Q. Why hath a horse, mule, ass, or cow, no gall? A. Those creatures have no gall in one place, as in a purse or vessel, yet they have one dispersed in small veins.
Q. How comes the spleen to be black? A. It is occasioned by terrestrial and earthy matter of a black colour. According to physicians, the spleen is the receptacle of melancholy, and that is black.
Q. Why is he lean who hath a large spleen? A. Because the spleen draws much water to itself, which would turn to fat; therefore, men that have a small spleen are fat.

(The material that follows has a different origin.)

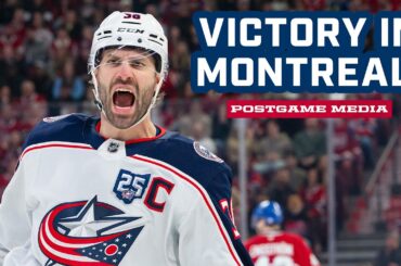 Boone Jenner, Charlie Coyle et l’entraîneur-chef Rick Bowness parlent aux médias après la victoire de 5-2 contre Montréal ce soir…
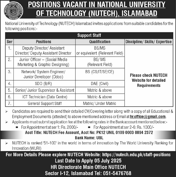 Vacancies in National University of Technology NUTECH Advertisement June 2025

Q. Why does the spleen cause men to laugh, as says Isidorus: “We laugh with the spleen, we are angry with the gall, we are wise with the heart, we love with the liver, we feel with the brain, and speak with the lungs.” A. The reason is, the spleen draws much melancholy to it, being its proper seat, the which melancholy proceeds from sadness, and is there consumed; and the cause failing, the effect doth so likewise. And by the same reason the gall causes anger, for choleric men are often angry, because they have much gall.
Of Monsters.
Q. Doth nature make any monsters? A. She doth; if she did not, then would she be deprived of her end. For of things possible, she doth always propose to bring forth that which is most perfect and best; but in the end, through the evil disposition of the matter, not being able to bring forth that which she intended, she brings forth that which she can. As it happened in Albertus’s time, when, in a certain village, a cow brought forth a calf, half a man; then the countrymen suspecting a shepherd, would have burnt him with the cow; but Albertus, being skilful in astronomy, said, that this did proceed from a special constellation, and so delivered the shepherd from their hands.

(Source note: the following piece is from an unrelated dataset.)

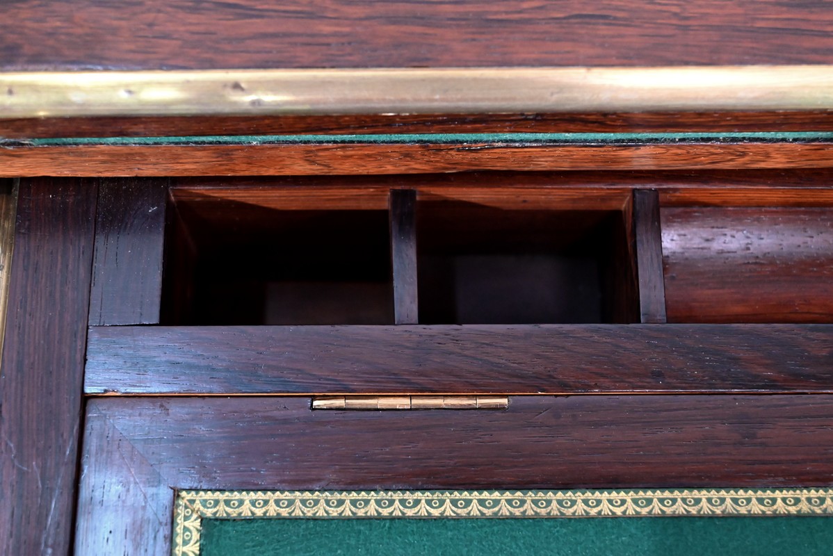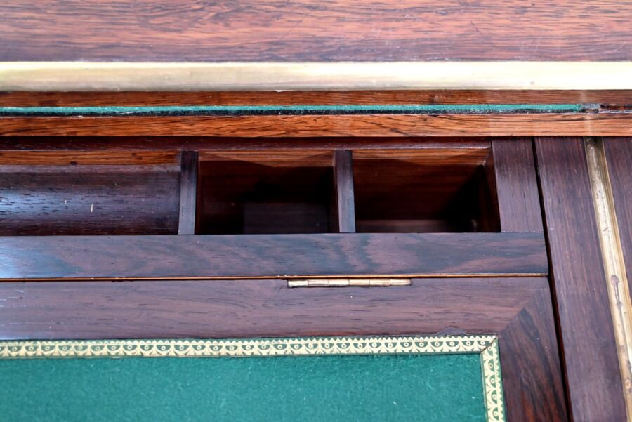 Le double dessus coulisse, révélant un espace écritoire foncé d’une feutrine à vignette dorée, ainsi que des casiers et un plumier.

Q. Are there one or two? A. To find out, you must look into the heart; if there are two hearts, there are two men.
Of Infants.
Q. Why are some children like their father, some like their mother, some to both, and some to neither? A. If the seed of the father wholly overcome that of the mother, the child doth resemble the father; but if the mother’s predominate, then it is like the mother; but if it be like neither, that doth happen sometimes through the four qualities, sometimes through the influence of some heavenly constellation.
Q. Why are children oftener like the father than the mother? A. It proceeds from the imagination of the mother, as appeared in a queen who had her imagination on a blackamoor; and in an Ethiopian queen, who brought forth a white child, because her imagination was upon a white colour; as is seen in Jacob’s skill in casting rods of divers colours into the water when his sheep went to ram.